Private sector data: Collection and collaborations

An even more dramatic change in data collection is occurring in the private sector. Whereas the popular press has focused on the vast amount of information collected by Internet companies such as Google, Amazon, and Facebook, firms in every sector of the economy now routinely collect and aggregate data on their customers and their internal businesses. Banks, credit card companies, and insurers collect detailed data on household and business financial interactions. Retailers such as Walmart and Target collect data on consumer spending, wholesale prices, and inventories. Private companies that specialize in data aggregation, such as credit bureaus or marketing companies such as Acxiom, are assembling rich individual-level data on virtually every household.

Although the primary purpose of all this data collection is for business use, there are also potential research applications in economics and other fields. These applications are just starting to be identified and explored, but recent research already provides some useful signals of value.

One potential application of private sector data is to create statistics on aggregate economic activity that can be used to track the economy or as inputs to other research.
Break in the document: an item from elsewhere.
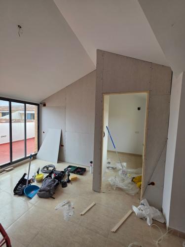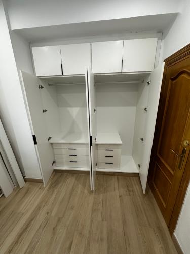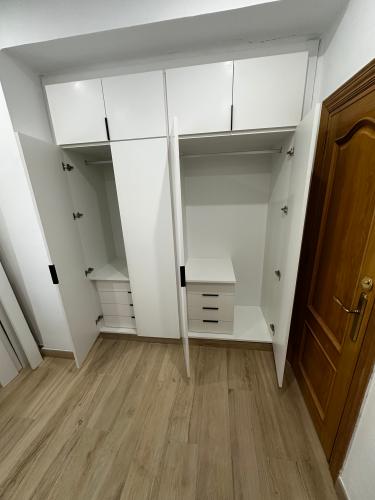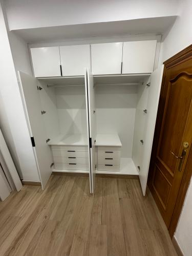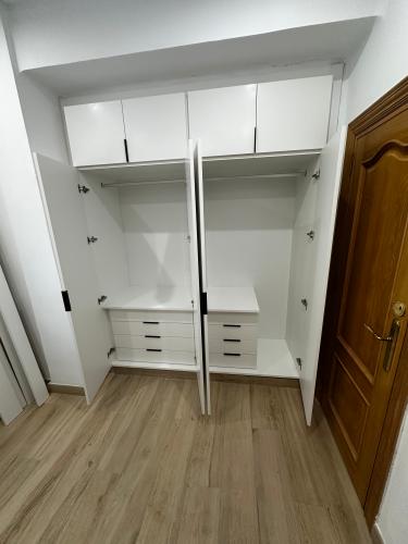 Actuaciones a presupuestar: 5 armarios empotrados, para poner cajoneras i/o estantes. En uno de ellos(de tres puertas) cambiar las puertas abatibles por correderas En la cocina poner puerta corredera en alacena y añadir un módulo para ampliarla zona de trabajo Dar alguna solución de almacenaje al hueco de la escalera

Already the payroll service company ADP publishes monthly employment statistics in advance of the Bureau of Labor Statistics, MasterCard makes available retail sales numbers, and Zillow generates house price indices at the county level. These data may be less definitive than the eventual government statistics, but in principle they can be provided faster and perhaps at a more granular level, making them useful complements to traditional economic statistics.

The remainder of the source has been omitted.